For example, I have a cottage with a neighbour who tells me that when he leaves it for the week, until he is back up the next weekend, that he leaves his water pump on. Said that he has never had a problem and he doesn't worry about it. With myself, I look at it differently, since it is only a switch and I am aware of the devastating result if a pipe burst when I am not there, I turn mine off until I am back up. It's jsut a difference in personality. The insurance companies would rather insure people that think pro-active to avoid claims then others who think everything will be fine, simply because it has. Claims is about the only way they have to differentiate between the two.

I don't make the rules. Is it fair to everyone. Absolutely not, but it is the way it is.


----------



## m3s (Apr 3, 2010)

I am the same as you, I try to avoid claims. Some people seem to think they can take more risk because "insurance will cover it anyways"

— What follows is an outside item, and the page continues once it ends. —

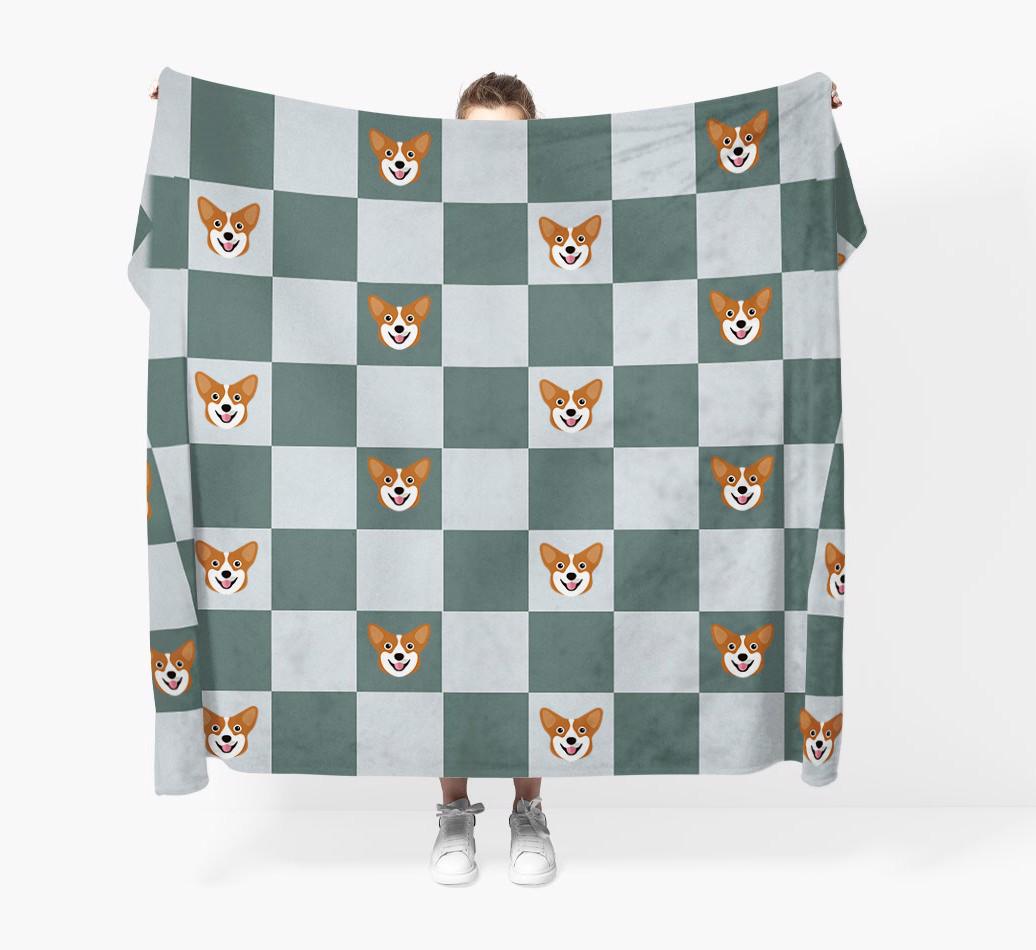 'Checkerboard' - Personalized Corgi Throw Blanket

Based on this, I don't see a point of claiming anything I can afford, and therefore no point in lowering the deductible


----------



## carllecat (Aug 3, 2010)

OptsyEagle said:


> How else would they do it? It is a fact that a group of people who have had 1or more claims will put in more future claims, then a group of people who have not put in any claims.
> 
> Now if they did not adjust the premiums, then people who are lower risk would be paying part of the costs of the people who are higher risks. Even if you wanted to do this, some insurance company would inevitably figure it out and take your money and still restrict or exclude the higher risk.
> 
> ...


I must be unintelligent as 3 years ago, I claimed $3,500 damages on my car that was parked on the street as a drunk moron ran into my car and left the scene without telling anyone (hit and run). I should have been proactive and diligent and buy a smaller car that would not take as much space on the street. I now feel stupid and useless!


----------



## carllecat (Aug 3, 2010)

mode3sour said:


> I am the same as you, I try to avoid claims. Some people seem to think they can take more risk because "insurance will cover it anyways"
> 
> Based on this, I don't see a point of claiming anything I can afford, and therefore no point in lowering the deductible


Understand this... Therefore, insurance companies should have policies for people that just want to have basic coverage without having to pay what you can afford.


----------